According to a union leader, a Southwest Airlines flight attendant had two of her teeth knocked out by an unruly passenger over the weekend.
In a letter to the airline’s CEO, Lyn Montgomery, the president of TWU Local 556, said that the flight attendant was “seriously assaulted, resulting in injuries to the face and the loss of two teeth.”
According to a Southwest official, the frightening incident occurred on Sunday morning after an aircraft from Sacramento landed in San Diego.
According to the spokesman, Chris Mainz, a female passenger “repeatedly disobeyed standard inflight instructions and became verbally and physically abusive upon landing.”
When the jet arrived in San Diego, police were summoned, and the passenger was apprehended, according to Mainz.
A woman dressed in leopard-print leggings and a sweater was escorted off the plane by police officers from the San Diego Port Authority, according to a video posted on Facebook.
The woman apparently became furious when the flight attendant urged her to keep her seatbelt secured while the plane was still moving, according to Susan Marie Stidham, who posted the video.
“What I saw was the front flight attendant suddenly start screaming ‘No, No, No!’ Stidham wrote, “‘Stop!’ and running toward the back.” “The woman in the back of the plane was punching the flight attendant in the head.”
“We were all told to stay in our seats while they brought in police to remove the unruly passenger while the flight attendant was staggering back with a bloody face.”
Vyvianna Quinonez, 28, was recognized as the passenger by San Diego Harbor Police on Tuesday, and she was charged with battery inflicting serious bodily injury, a crime, according to local media.
The flight attendant, who has not been identified, was taken to a hospital for treatment before being released. Southwest says it sent a buddy to be with her in San Diego.

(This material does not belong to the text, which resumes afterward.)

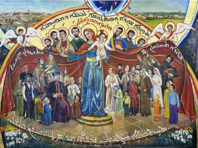 وتابع: «مريم هي رمز الكنيسة، رافقت أبناءها في النزوح وفي مسيرة العودة. لذا فالأيقونة الرئيسة لهذه الكنيسة تمثِّل صورة أمِّنا مريم العذراء الباسطة رداءها لتحتضن كلّ أبناء سهل نينوى وتحميهم من قوى الظلام التي حاولت محو وجودهم واقتلاعهم من أرض آبائهم وأجدادهم».
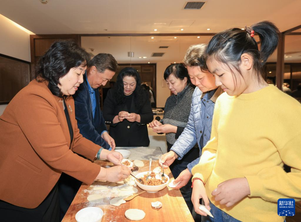 1月4日,在中华英烈褒扬事业促进会,会长李中水(左二)、爱心人士贾秀芳(左一)和“海空卫士”王伟烈士妻子阮国琴(左三)、“人民英雄”张超烈士女儿张上明珠(右一)、卫国戍边英雄肖思远烈士母亲刘利霞(右二)一起包饺子迎接新春。

Montgomery emphasized in a letter to CEO Gary Kelly on Sunday that this was only one of the hundreds of recent events involving rowdy passengers.
The union chief said, “The unprecedented number of incidents has reached an intolerable level, with passenger non-compliance events also becoming more aggressive in nature.”
Between April 8 and May 15, she added, there were 477 “passenger misconduct incidents” on Southwest airlines.
Montgomery requested Kelly to persuade federal officials to increase the number of federal air marshals on flights and to prohibit passengers who break the rules rather than rebooking them.
“Let us join forces to improve personal safety and security across the industry and restore some stability to our working lives,” she wrote.